LogisticRegression(max_iter=1000, random_state=42, solver='liblinear')

In [33]:
y_pred = model.predict_proba(X_val)[:,1]

In [34]:
price_decision = (y_pred >= 0.50)

In [35]:
model_accuracy = (y_val == price_decision).mean()
model_accuracy

0.8372093023255814

## Question 5

- Let's find the least useful feature using the feature elimination technique.
- Train a model with all these features (using the same parameters as in Q4).
- Now exclude each feature from this set and train a model without it.

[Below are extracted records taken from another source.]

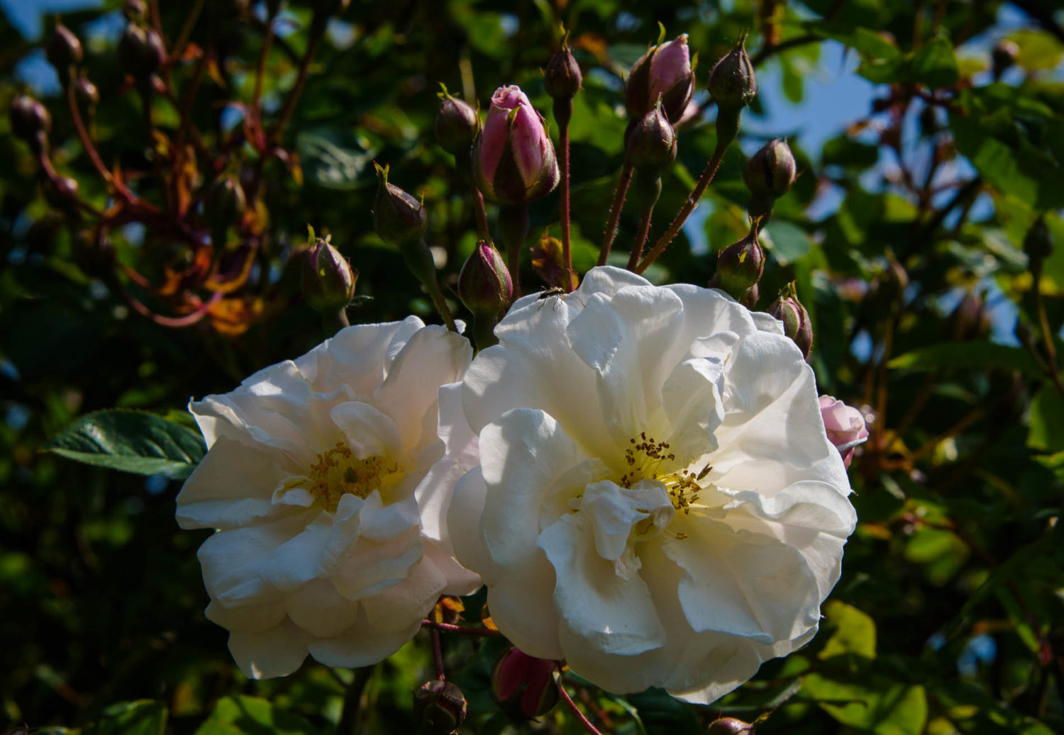 The main paths crossing the site converge on a central round pond and fountain, surrounded by eight clipped Irish yews. Long borders brim with plants chosen to complement and underplant the roses. They also extend the season, providing colour, shape and scent before the roses bloom and after their petals fall. In June the roses are accompanied by striking spires of white foxgloves.
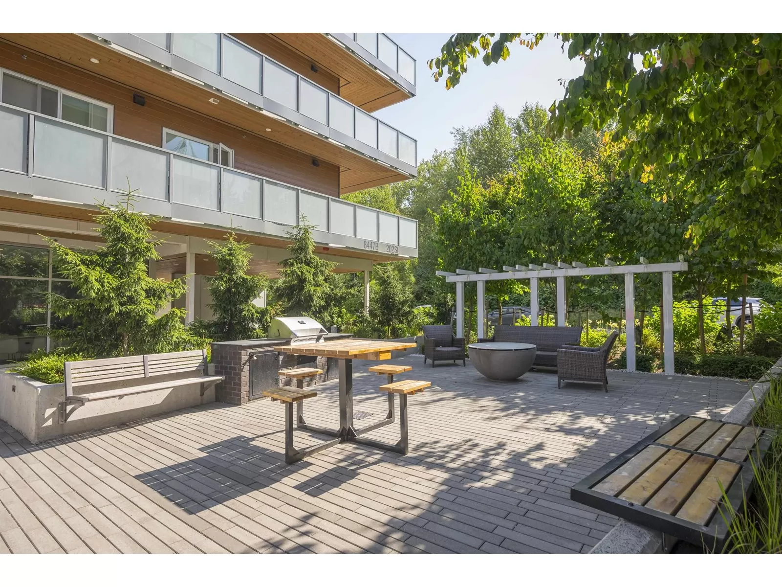 elcome to this stunning corner unit at ARISTOTLE in Willoughby Heights! This 2 bed + den, 2 bath home offers over 920 sqft of bright, modern living with a wrap-around patio, perfect for relaxing, entertaining, or soaking up the sun. The open-concept layout features a sleek kitchen with gas range, island, and ample storage. Both bedrooms are well-sized and separated for privacy, while the versatile den is ideal for a home office or nursery. Enjoy top-tier amenities including a gym, games room, clubhouse, and playground. Just steps to Carvolth Exchange, Hwy 1 & shops. A must-see! (id:27476)
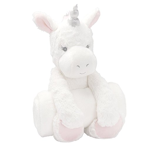 -. Feature : Plush animal holding 30" x 38" blanket / Perfect for playing and sleeping / Plush animal, damp wipe only, air dry only / Blanket, machine wash cold, tumble dry low / Blanket can be personalized with name or initials
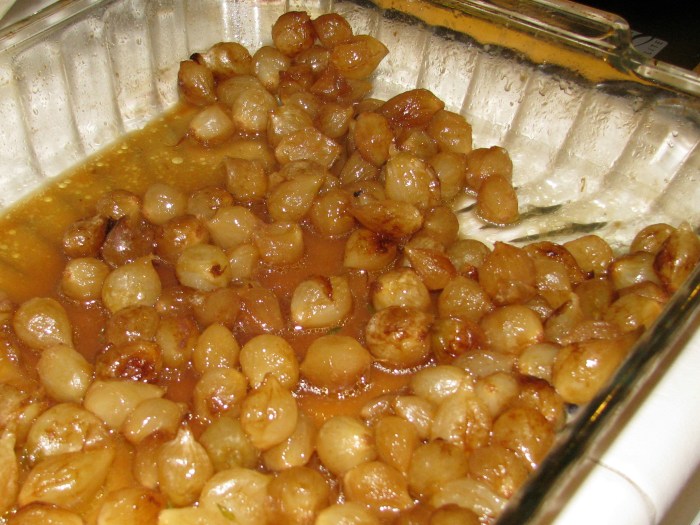 2. Defrost the pearl onions and brown over medium high heat in 2 tbsp. of butter and one tbsp. of olive oil – about 8 minutes.   Put onto a baking sheet and bake in the oven for 30 minutes.  Set aside when finished.
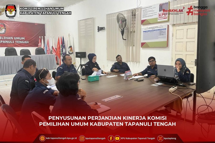 Komisi Pemilihan Umum (KPU) Kabupaten Tapanuli Tengah melaksanakan rapat internal penyusunan Perjanjian Kinerja pada Selasa (3/3/2026). Rapat tersebut dipimpin langsung oleh Sekretaris KPU Kabupaten Tapanuli Tengah dan dihadiri oleh seluruh Kepala Subbagian serta staf terkait. Kegiatan ini dilaksanakan di Aula KPU Kabupaten Tapanuli Tengah.
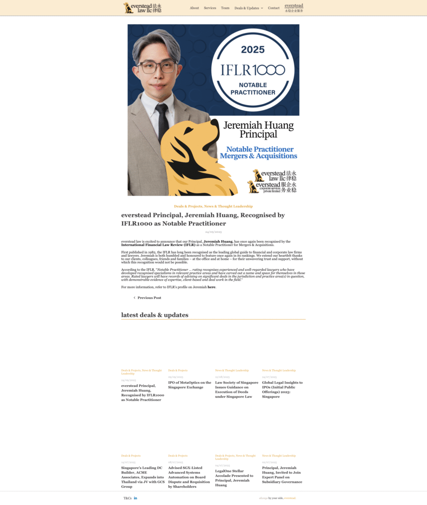 everstead: Recognised by IFLR as Notable Practitioner for M&A
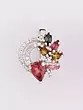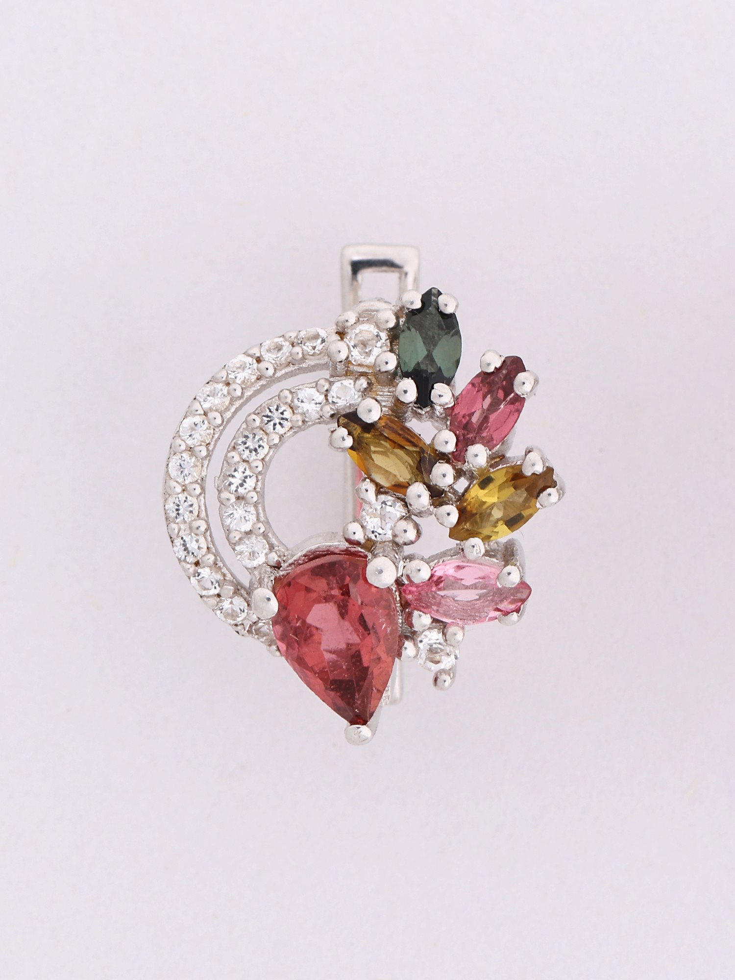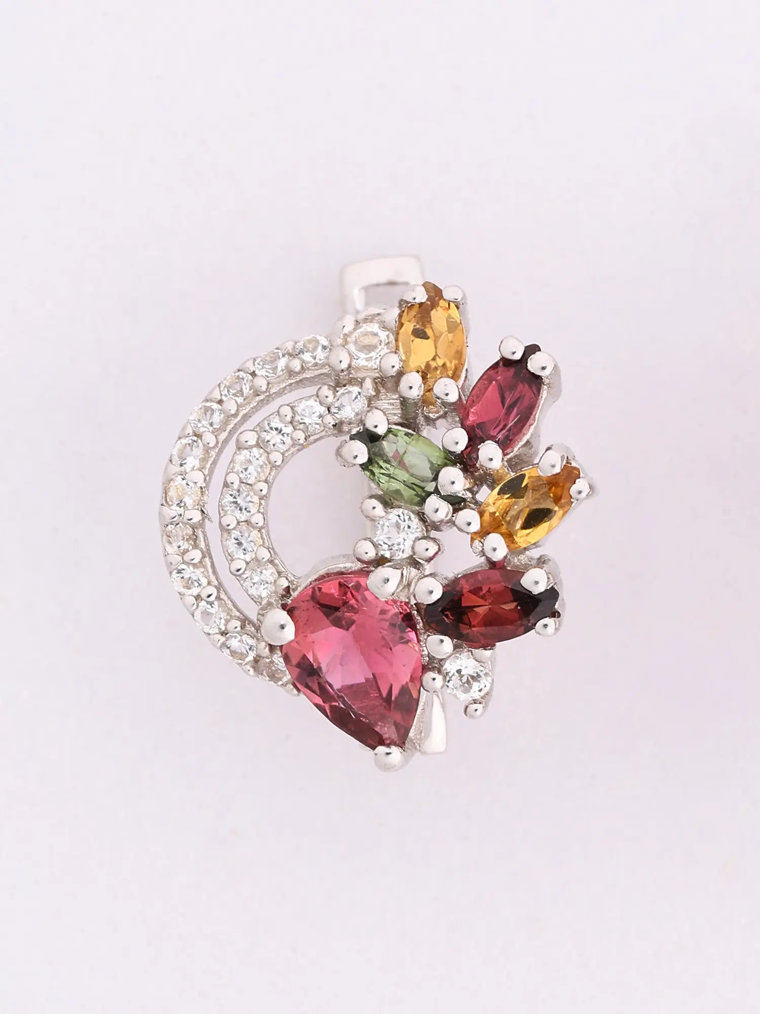 The design gracefully balances intricate detailing with a delicate, organic form. A central, heart-shaped tourmaline, rendered in a captivating pink, forms the focal point, drawing the eye with its depth and brilliance. Arrayed around it, smaller marquise-cut tourmalines in an assortment of greens, yellows, and deeper reds create a painterly effect, reminiscent of a scattered bouquet of jewels. The subtle, curved outline of polished sterling silver, encrusted with sparkling cubic zirconia, provides a graceful framework that measures approximately 0.25 inches in height and 0.2 inches in width, ensuring a sophisticated and comfortable presence.
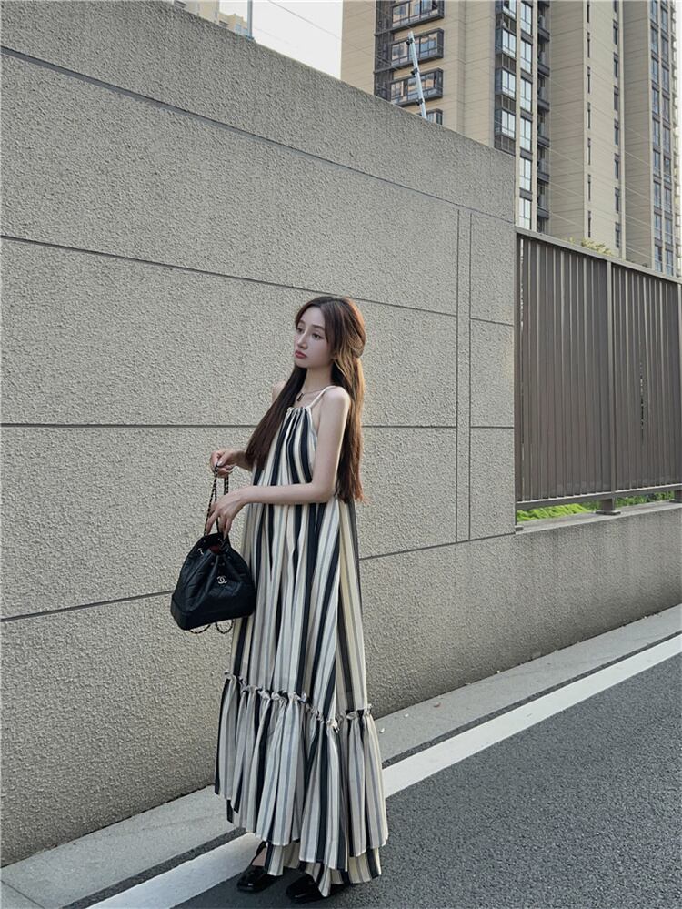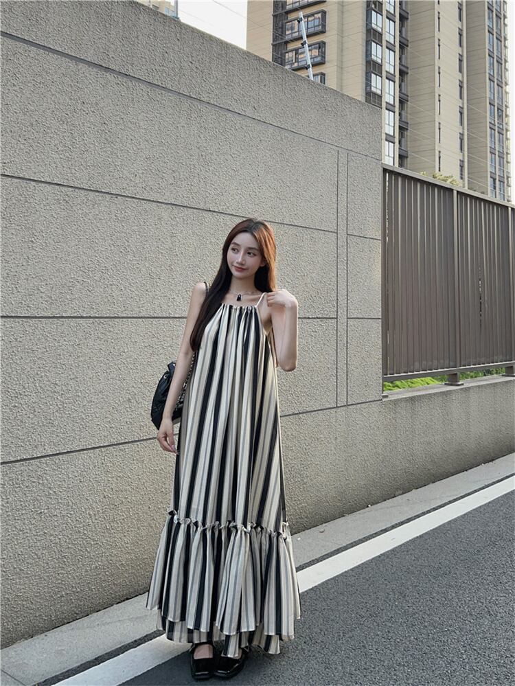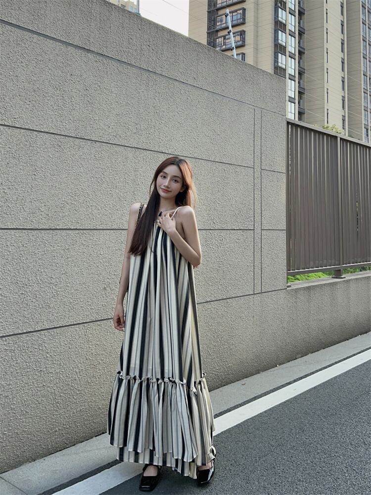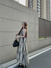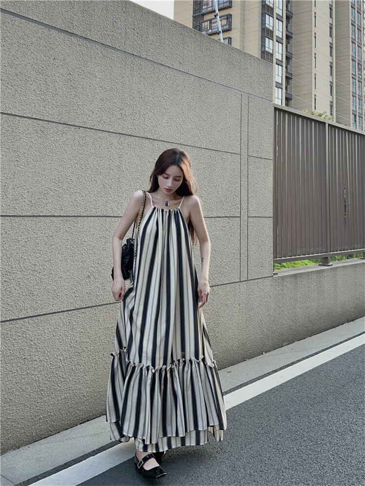 いい印象を与える ストライプ ジャンパースカート ケーキスカート ロングスカート 肌にやさしい スリム
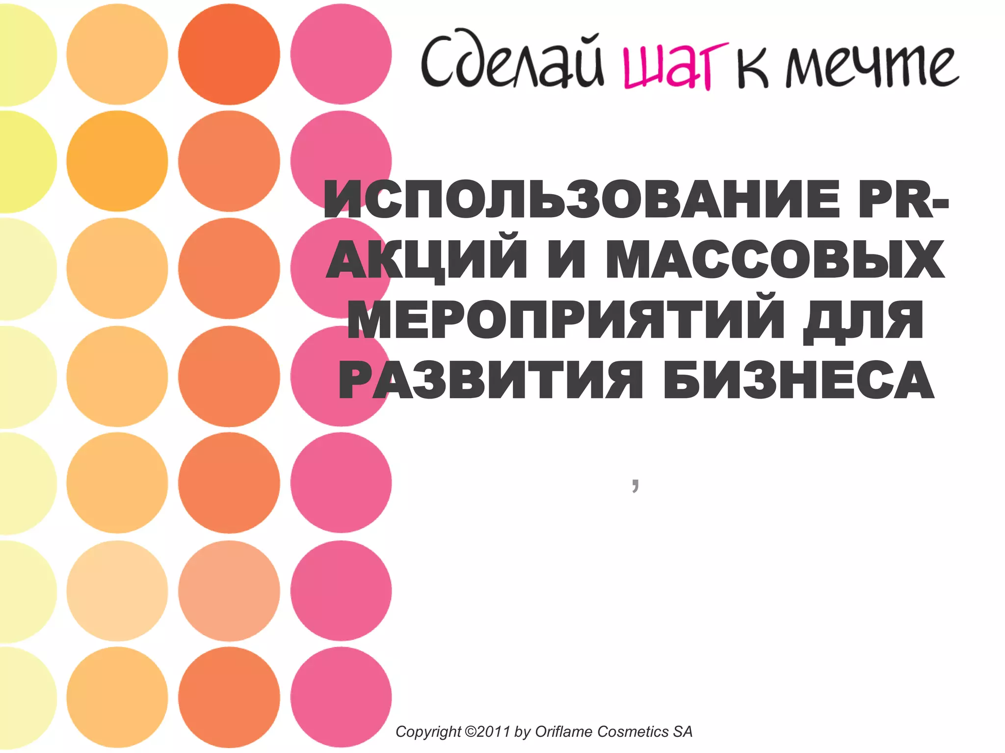 Документ описывает мероприятия, в которых участвует команда Oriflame в 2011 году, подчеркивая значимость PR-акций для развития бизнеса. Участвуя в городских праздниках и конкурсах, компания повышает свой имидж, устанавливает партнерские отношения и занимается благотворительностью. Также приводится алгоритм подготовки и участия в мероприятиях, включая этапы переговоров и взаимодействия с организаторами.

Record the accuracy for each model.
- For each feature, calculate the difference between the original accuracy and the accuracy without the feature.

In [36]:
useful_feature = ['total_rooms', 'total_bedrooms', 'population', 'households']
train_dicts_or = df_train[useful_feature].to_dict(orient='records')
dv_or = DictVectorizer(sparse=False)
X_train_or = dv.fit_transform(train_dicts_or)
val_dicts_or = df_val[useful_feature].to_dict(orient='records')
X_val_or = dv.transform(val_dicts_or)
model_or = LogisticRegression(solver='liblinear', C=1.0, max_iter=1000, random_state=42)
model_or.fit(X_train_or, y_train)
y_pred_or = model_or.predict_proba(X_val_or)[:,1]
price_decision_or = (y_pred_or >= 0.50)
model_accuracy_or = (y_val == price_decision_or).mean()
model_accuracy_or

0.7095445736434108

In [37]:
useful_feature = ['total_rooms', 'total_bedrooms', 'population', 'households']
feature_dict = {}
for f in useful_feature:
    feat_c = feat.copy()
    feat_c.remove(f)
    train_dicts_q5 = df_train[feat_c].to_dict(orient='records')
    dv_q5 = DictVectorizer(sparse=False)
    X_train_q5 = dv.fit_transform(train_dicts_q5)
    val_dicts_q5 = df_val[feat_c].to_dict(orient='records')
    X_val_q5 = dv.transform(val_dicts_q5)
    model_q5 = LogisticRegression(solver='liblinear', C=1.0, max_iter=1000, random_state=42)
    model_q5.fit(X_train_q5, y_train)
    y_pred_q5 = model_q5.predict_proba(X_val_q5)[:,1]
    price_decision_q5 = (y_pred_q5 >= 0.50)
    model_accuracy_q5 = (y_val == price_decision_q5).mean()
    feature_dict[f] = abs(model_accuracy_or - model_accuracy_q5)
    print('The feature', f,'has a difference of', abs(model_accuracy_or - model_accuracy_q5))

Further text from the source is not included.